- _Provided information_:

----

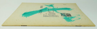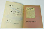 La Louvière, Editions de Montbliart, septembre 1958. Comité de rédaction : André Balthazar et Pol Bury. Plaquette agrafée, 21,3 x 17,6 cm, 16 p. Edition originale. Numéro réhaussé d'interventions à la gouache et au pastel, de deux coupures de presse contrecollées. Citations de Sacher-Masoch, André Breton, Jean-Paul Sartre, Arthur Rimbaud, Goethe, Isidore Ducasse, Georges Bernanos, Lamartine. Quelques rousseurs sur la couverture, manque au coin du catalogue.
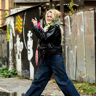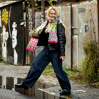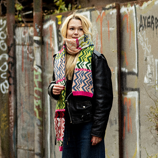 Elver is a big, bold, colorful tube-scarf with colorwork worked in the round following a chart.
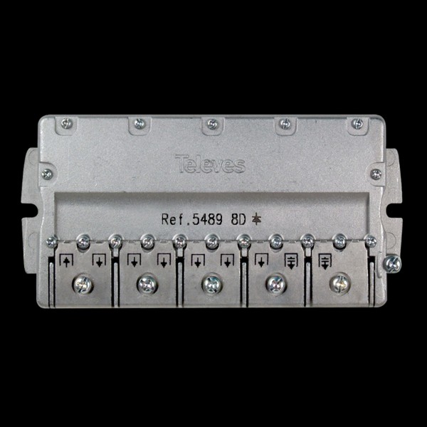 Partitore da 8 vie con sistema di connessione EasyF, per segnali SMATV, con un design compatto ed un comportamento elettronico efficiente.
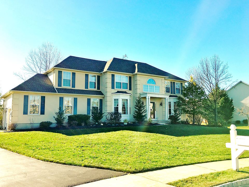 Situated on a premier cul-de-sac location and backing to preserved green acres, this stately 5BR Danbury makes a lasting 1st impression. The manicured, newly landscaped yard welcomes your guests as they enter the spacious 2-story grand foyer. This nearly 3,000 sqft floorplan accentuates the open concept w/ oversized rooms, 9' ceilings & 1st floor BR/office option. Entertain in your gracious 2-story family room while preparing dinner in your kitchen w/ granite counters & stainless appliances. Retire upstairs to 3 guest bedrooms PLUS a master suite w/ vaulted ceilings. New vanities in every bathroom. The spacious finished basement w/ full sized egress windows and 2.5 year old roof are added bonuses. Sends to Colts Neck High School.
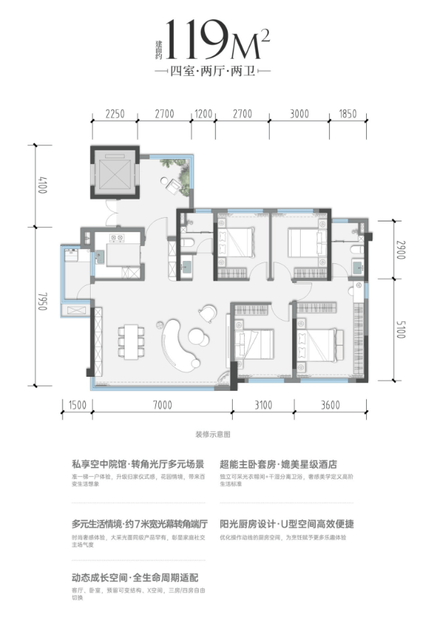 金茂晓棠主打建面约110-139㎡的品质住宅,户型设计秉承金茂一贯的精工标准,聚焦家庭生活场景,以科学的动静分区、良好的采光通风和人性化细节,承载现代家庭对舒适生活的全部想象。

----

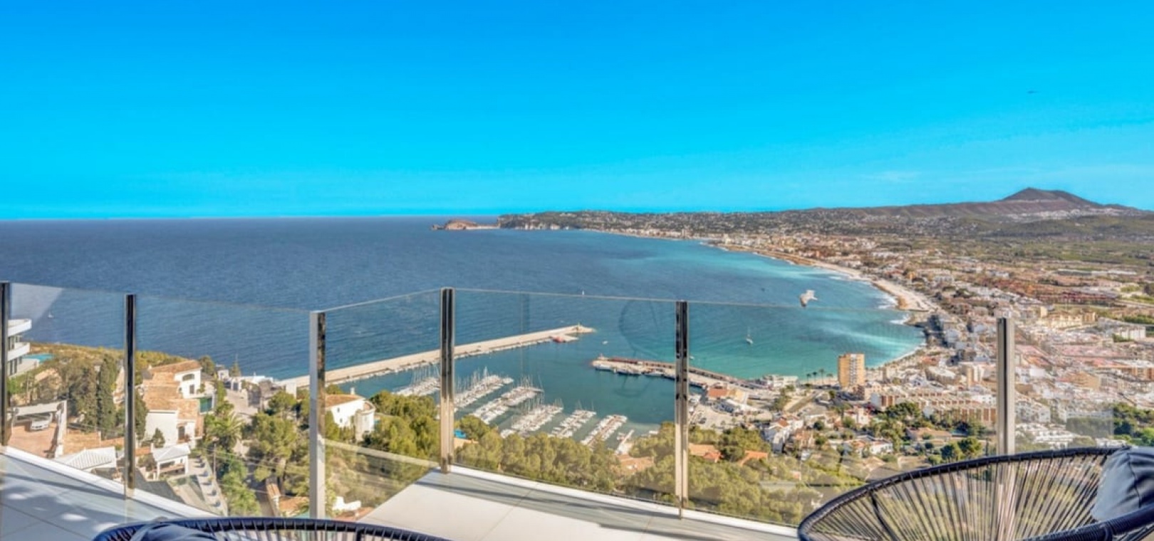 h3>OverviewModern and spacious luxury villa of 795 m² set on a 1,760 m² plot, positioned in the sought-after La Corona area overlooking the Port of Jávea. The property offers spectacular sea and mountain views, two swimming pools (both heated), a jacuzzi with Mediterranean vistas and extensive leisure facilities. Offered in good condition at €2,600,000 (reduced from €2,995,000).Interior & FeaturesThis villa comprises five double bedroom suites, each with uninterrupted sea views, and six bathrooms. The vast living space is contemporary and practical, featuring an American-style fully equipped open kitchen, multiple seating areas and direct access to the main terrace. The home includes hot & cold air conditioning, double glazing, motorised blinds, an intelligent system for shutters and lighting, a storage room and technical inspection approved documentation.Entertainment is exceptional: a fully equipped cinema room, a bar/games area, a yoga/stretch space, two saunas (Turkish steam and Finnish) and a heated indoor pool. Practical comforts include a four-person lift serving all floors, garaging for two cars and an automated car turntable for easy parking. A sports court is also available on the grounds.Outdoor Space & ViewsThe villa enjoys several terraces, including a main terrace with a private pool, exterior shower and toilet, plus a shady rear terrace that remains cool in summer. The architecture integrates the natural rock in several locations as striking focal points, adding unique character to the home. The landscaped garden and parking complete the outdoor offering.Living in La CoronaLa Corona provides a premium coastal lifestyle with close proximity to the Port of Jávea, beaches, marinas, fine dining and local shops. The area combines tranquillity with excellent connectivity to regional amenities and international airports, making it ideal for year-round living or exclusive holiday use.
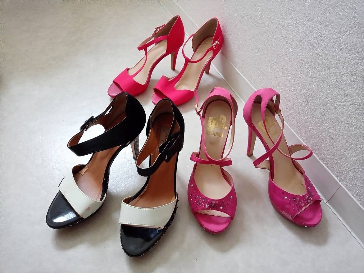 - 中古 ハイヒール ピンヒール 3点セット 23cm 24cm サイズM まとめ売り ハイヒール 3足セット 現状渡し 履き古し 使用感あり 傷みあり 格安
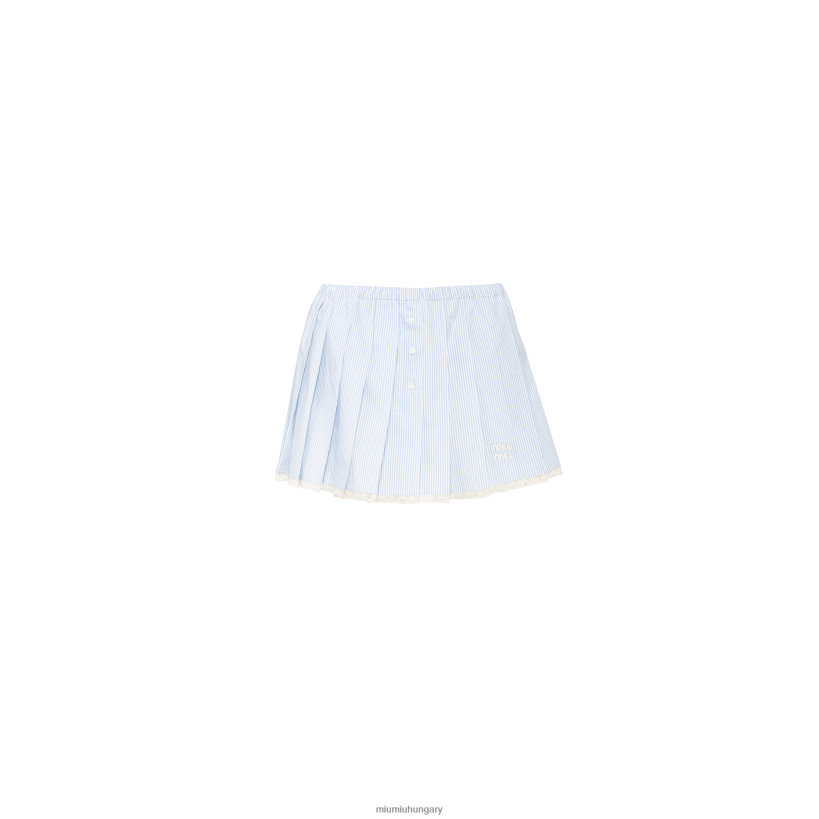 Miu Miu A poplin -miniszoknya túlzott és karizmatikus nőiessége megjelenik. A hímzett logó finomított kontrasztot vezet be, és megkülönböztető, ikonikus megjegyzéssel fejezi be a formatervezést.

----

Within the listing above, find the line containing "Elver is a big, bold, colorful" and the line containing "Partitore da 8". Transcribe them and everything between them exactly, leaving out the pictures.

 Elver is a big, bold, colorful tube-scarf with colorwork worked in the round following a chart.
 Partitore da 8 vie con sistema di connessione EasyF, per segnali SMATV, con un design compatto ed un comportamento elettronico efficiente.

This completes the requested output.